Work item
Instruction for the listing below: copy exactly, and only, the lines from the one holding "Antique Japanese Plant" through its last line, omitting any picture.

Data
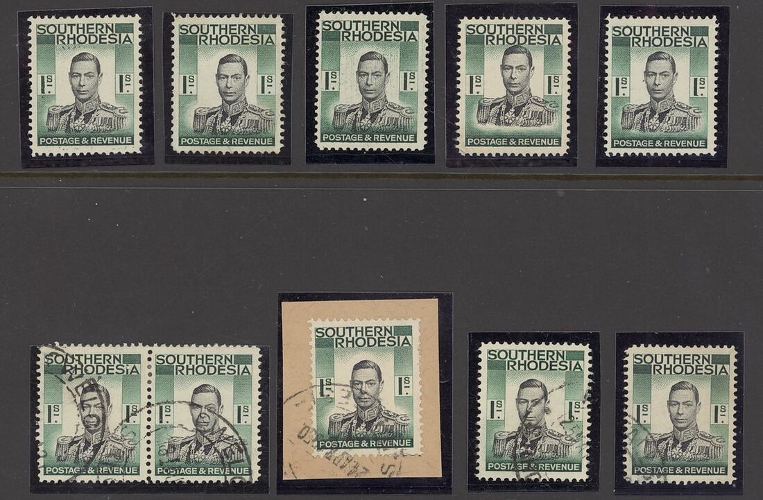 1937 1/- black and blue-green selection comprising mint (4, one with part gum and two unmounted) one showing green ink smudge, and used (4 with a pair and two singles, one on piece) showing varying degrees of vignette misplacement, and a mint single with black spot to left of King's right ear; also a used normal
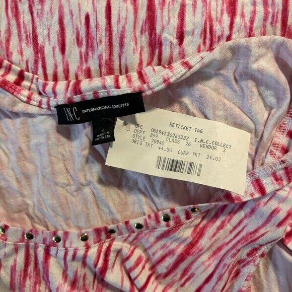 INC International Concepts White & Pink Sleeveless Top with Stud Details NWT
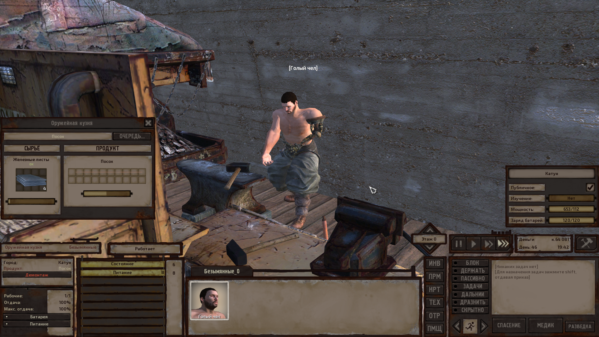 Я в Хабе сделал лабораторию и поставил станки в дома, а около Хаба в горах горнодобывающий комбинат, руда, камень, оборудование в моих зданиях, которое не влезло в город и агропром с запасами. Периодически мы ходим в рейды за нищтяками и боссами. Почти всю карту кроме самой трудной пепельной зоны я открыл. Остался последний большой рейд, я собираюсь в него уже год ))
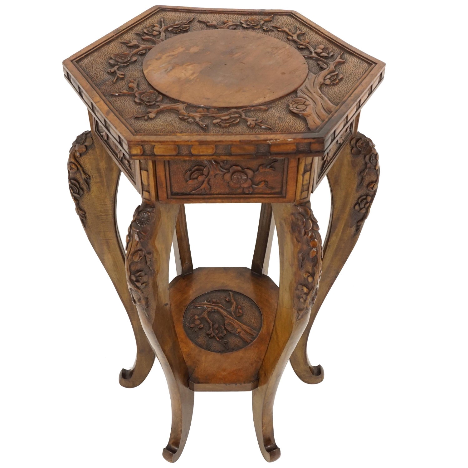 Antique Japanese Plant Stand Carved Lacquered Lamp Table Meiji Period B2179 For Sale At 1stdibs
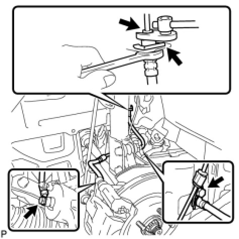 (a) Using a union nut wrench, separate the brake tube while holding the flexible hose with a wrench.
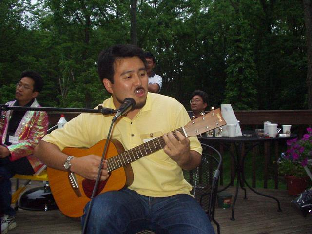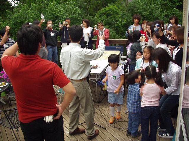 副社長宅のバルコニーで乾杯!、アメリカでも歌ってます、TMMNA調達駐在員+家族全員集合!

Exercise solution
 Antique Japanese Plant Stand Carved Lacquered Lamp Table Meiji Period B2179 For Sale At 1stdibs
 (a) Using a union nut wrench, separate the brake tube while holding the flexible hose with a wrench.
 副社長宅のバルコニーで乾杯!、アメリカでも歌ってます、TMMNA調達駐在員+家族全員集合!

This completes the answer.